> What the exercise asks
No pictures belong in the copy. Retype exactly, and only, the stretch of lines below from the one with "9月11日(水)朝は雨がパラ" through the one with "und 16 cm lang".

> Records from a collection
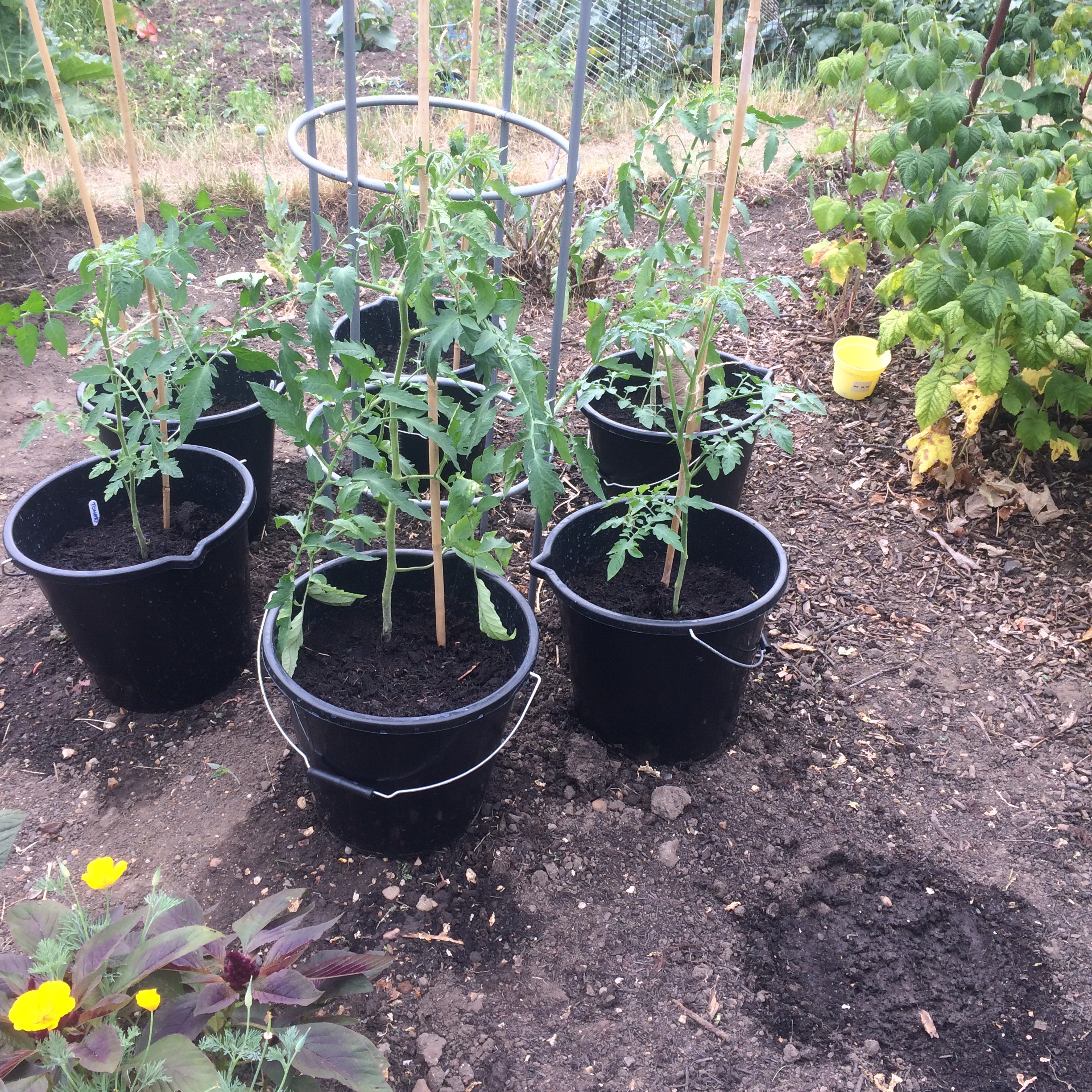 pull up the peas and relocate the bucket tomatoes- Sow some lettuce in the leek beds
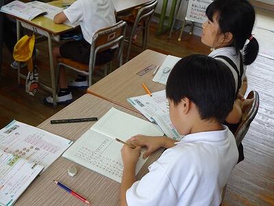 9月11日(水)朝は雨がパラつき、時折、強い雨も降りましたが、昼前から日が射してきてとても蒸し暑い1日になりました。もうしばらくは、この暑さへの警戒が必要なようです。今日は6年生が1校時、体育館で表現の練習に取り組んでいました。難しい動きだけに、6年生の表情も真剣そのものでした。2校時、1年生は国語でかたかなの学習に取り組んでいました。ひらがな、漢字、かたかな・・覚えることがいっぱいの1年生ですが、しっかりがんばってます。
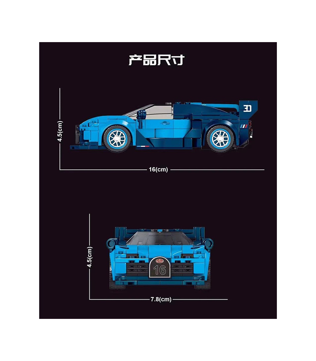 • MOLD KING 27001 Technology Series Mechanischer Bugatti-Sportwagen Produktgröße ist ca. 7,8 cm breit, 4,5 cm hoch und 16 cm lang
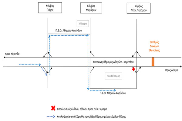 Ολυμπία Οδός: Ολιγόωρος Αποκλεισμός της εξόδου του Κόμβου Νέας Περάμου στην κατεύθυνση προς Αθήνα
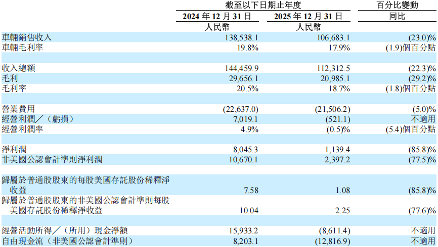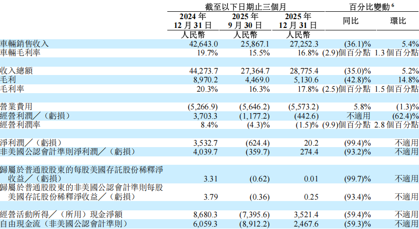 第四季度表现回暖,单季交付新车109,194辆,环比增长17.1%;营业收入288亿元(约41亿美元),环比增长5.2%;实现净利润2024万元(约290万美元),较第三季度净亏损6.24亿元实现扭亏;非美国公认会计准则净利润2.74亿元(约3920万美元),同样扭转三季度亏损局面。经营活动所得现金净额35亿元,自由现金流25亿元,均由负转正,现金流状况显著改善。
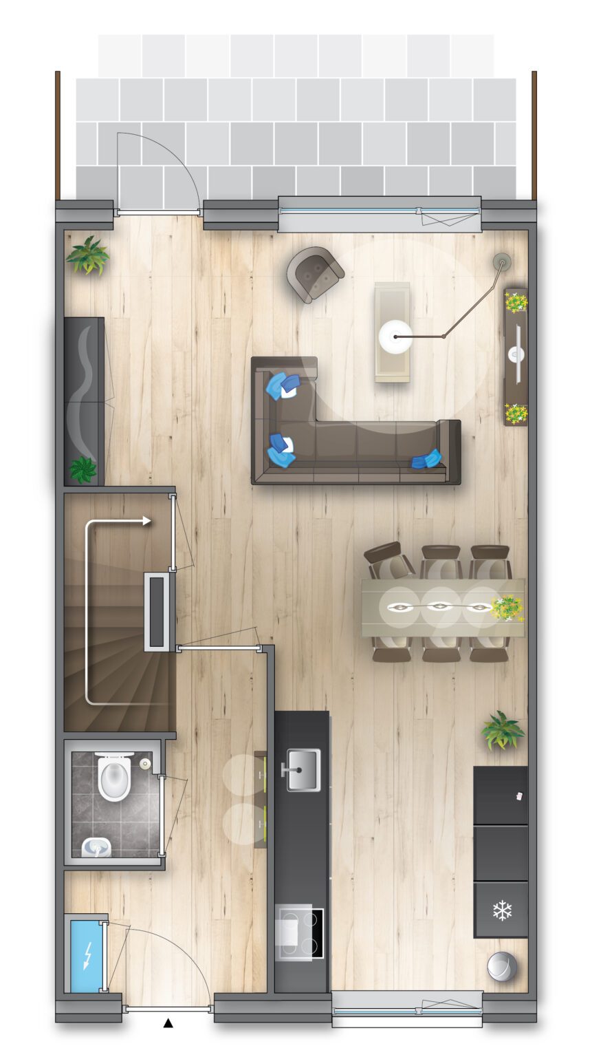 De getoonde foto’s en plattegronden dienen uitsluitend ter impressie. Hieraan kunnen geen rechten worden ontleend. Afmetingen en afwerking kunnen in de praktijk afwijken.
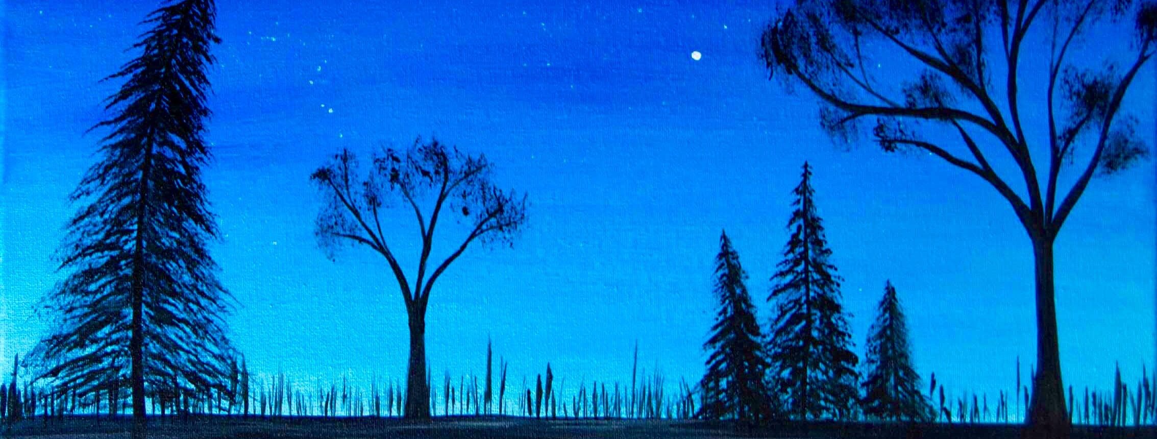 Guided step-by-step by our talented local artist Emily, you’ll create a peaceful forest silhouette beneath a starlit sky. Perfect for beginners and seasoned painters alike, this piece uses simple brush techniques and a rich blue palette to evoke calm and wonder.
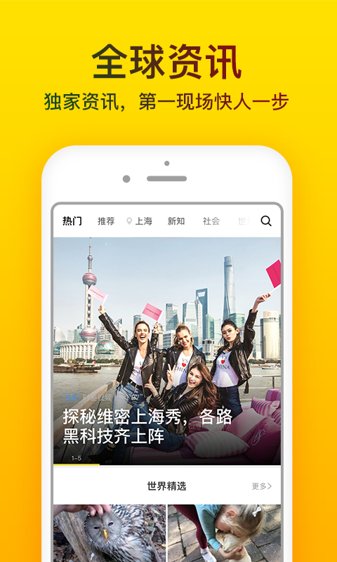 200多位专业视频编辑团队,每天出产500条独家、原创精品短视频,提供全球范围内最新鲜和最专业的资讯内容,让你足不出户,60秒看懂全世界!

> Reply
 9月11日(水)朝は雨がパラつき、時折、強い雨も降りましたが、昼前から日が射してきてとても蒸し暑い1日になりました。もうしばらくは、この暑さへの警戒が必要なようです。今日は6年生が1校時、体育館で表現の練習に取り組んでいました。難しい動きだけに、6年生の表情も真剣そのものでした。2校時、1年生は国語でかたかなの学習に取り組んでいました。ひらがな、漢字、かたかな・・覚えることがいっぱいの1年生ですが、しっかりがんばってます。
 • MOLD KING 27001 Technology Series Mechanischer Bugatti-Sportwagen Produktgröße ist ca. 7,8 cm breit, 4,5 cm hoch und 16 cm lang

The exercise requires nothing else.